ЭССЕИСТИКА И КРИТИКА

Константин Шакарян

«— Россия! — Я…»

Об исторических трагедиях Ильи Сельвинского

 

В 1959 году, подводя некоторые жизненные и творческие итоги, Илья Сельвинский написал:

 

Я мог бы дать моей стране

Больше того, что дал,

Если бы гору не резать мне,

Как Тереку Дарьял.

Но Терек грыз, от пены пег,

Столетьями каждый уступ,

А много ль успеет за краткий век

Мой человечий зуб?[1]

(«Анкета моей души», 1959)

 

«Тереком» Сельвинского была русская история, ее перекаты и зигзаги, смуты и революции, эпохальные сдвиги на пересечении многих правд: государственной и народной, «простой» человеческой и общественной, консерваторской и прогрессивной и т. д. В стремлении увязать одну правду с другой Сельвинский пытался дойти до исторической истины. Сегодня мы не обязаны разделять некоторые мировоззренческие устои поэта, исповедовавшего идеи своего века (что, отметим, вовсе не отменяло спора с ними). Обязанность наша в другом: пришло время разобраться, что дал нам Сельвинский, оглядеть и оценить сделанное им по достоинству.

Попробуем «огласить весь список»: эпопея «Улялаевщина», романы в стихах и прозе «Пушторг», «Арктика», «О, юность моя!», стихотворная повесть «Записки поэта» и около дюжины трагедий. Таков список одних только крупных произведений поэта, эпических свершений его музы. Колоссальное наследие Сельвинского начинает всерьез изучаться и открываться читателю во всей полноте лишь в самое последнее время. Для полного обозрения недостает, однако, как новых изданий поэта, так и постановки в театрах его пьес.
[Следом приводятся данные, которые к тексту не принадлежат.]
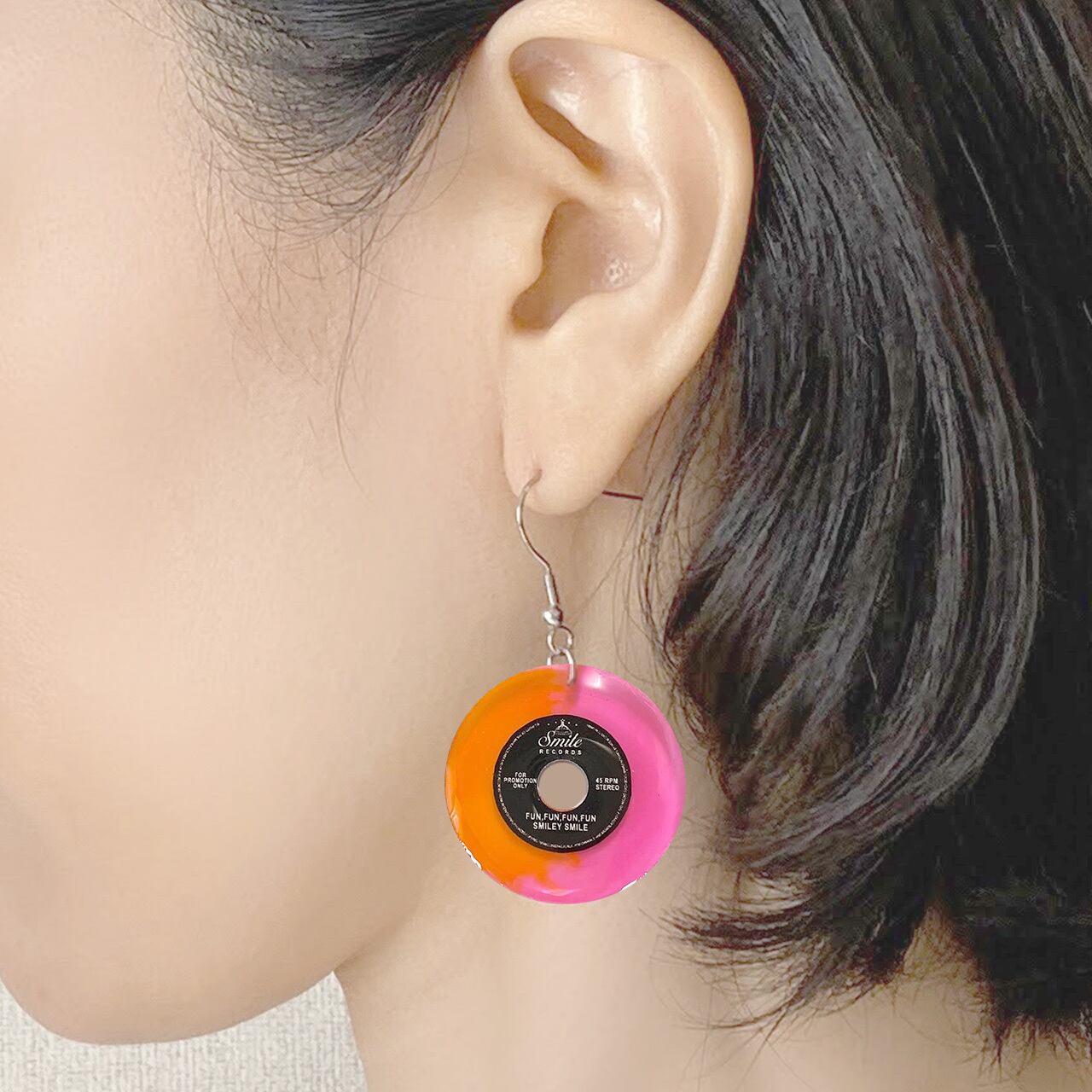 【全17種】つやつやレコードピアス/イヤリング クリアピンク×オレンジ

Драматургическое начало творчества Сельвинского, этого «поэта-оркестра» (по определению М. Волошина), — одна из важнейших граней его дарования, с особенной силой выразившаяся в драматическом эпосе «Россия», состоящем из пьес «Ливонская война», «От Полтавы до Гангута» («Царь да бунтарь») и «Большой Кирилл». Трагедии эти писались с начала 1940-х до середины 1950-х и охватывают русскую историю от эпохи Ивана Грозного до революции 1917 года.
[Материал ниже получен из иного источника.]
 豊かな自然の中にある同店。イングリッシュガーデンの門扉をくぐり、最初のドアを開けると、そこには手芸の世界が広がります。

В наиболее тесной связке друг с другом находятся первые две трагедии — «Ливонская война» и «От Полтавы до Гангута», посвященные времени правления Ивана Грозного и Петра Великого. Что, по Сельвинскому, объединяет этих двух государей, роднит устремления и самый пафос их правления? «Заветная дума о Руси» — мечта о выходе России к морю. Последний клокочущий монолог Ивана Грозного, проигравшего Ливонскую войну, обращен к потомку и возможному продолжателю его дела:

 

Пускай он мучается блеском,

Да шумом пены, да песка сипеньем!

Пускай ему б не пелось и не елось,

Пускай бы не пилось и не спалось,

Пускай хоть помешается на синем!

Хоть черту душу — только бы Руси

Не задохнуться… Только бы под ветер…

Ах, только бы пред нею, золотою,

Серебряная распахнулась даль…

 

Темная одержимость Грозного сменилась твердой поступью преобразований Петра. Петровские монологи, чеканные и звонкие, написаны литым и звучным слогом — стихом со шпорами:

 

Отныне по раздолью величаво

Трубою медной прозвучит Полтава.

Она урок для Швеции хранит,

Полтава есть разгадка и для турка,

Полтава же, по сути, тот гранит,

Что заложóн в основу Петербурга.

 

Стих второй, «петровской» трагедии в драматическом эпосе — уже иной, нежели в первой: белый стих «Ливонской войны» сменяется рифмованным ямбом, великолепно оттеняющим стройность и блеск новой исторической эпохи. Стихи звучат строевым шагом, гулко трубят, величественно выступают. Иногда, впрочем, речь государя осекается — когда он обращается к сыну Алексею:

 

Ты сам того не знаешь, как ты страшен!

Ведь за тобой все галки древних башен,

Вся черная юродивая Русь,

Вся мертвечина… Я тебя боюсь!

 

В авторском послесловии к трагедии (так и не увидевшем света ни в одной из книг Сельвинского) поэт, которого еще в 1930-е упрекали в том, что он «выступал в качестве сторонника условного искусства как системы и отрицал возможность метода социалистического реализма в поэзии»[2], вновь рассуждал об условности пьесы, о границах дозволенного для поэта в исторической трагедии, о том, что поэт исходит не из одних только исторических фактов, но также из фольклора (этим Сельвинский объяснял, почему выдвинул в своей пьесе легендарного шута Балакирева, «расцвет деятельности которого приходится на время царствования Елизаветы Петровны. Но народ везде и всюду связывает его с Петром»). В послесловии Сельвинский среди прочего подчеркивает один из принципов своей работы над образом Петра:

«Петра принято изображать человеком, выкованным из одного куска, лишенным внутренних противоречий. Ссылаясь на Пушкина, утверждают, что он, например, совершенно не считался с мужиком, абсолютно игнорировал его в своих великих замыслах, выступая в своих указах в качестве нетерпимого самовластного помещика. Однако можно ли судить о душевном мире великого человека только по его указам? Указы — не дневники. Указы — решения, но какие мысли и чувства обуревали человека, подписавшего эти указы? Стрелецкий бунт, носивший характер дворцового переворота, напугал Петра до такой степени, что он получил тик, который остался у него на всю жизнь. Что же сказать о таких подлинно народных восстаниях, как Булавинское и Башкирское? Мог ли государь такого огромного ума, как Петр, ограничиться одними карами и ни разу не задуматься над тем, что же такое мужик и почему он бунтует?»[3]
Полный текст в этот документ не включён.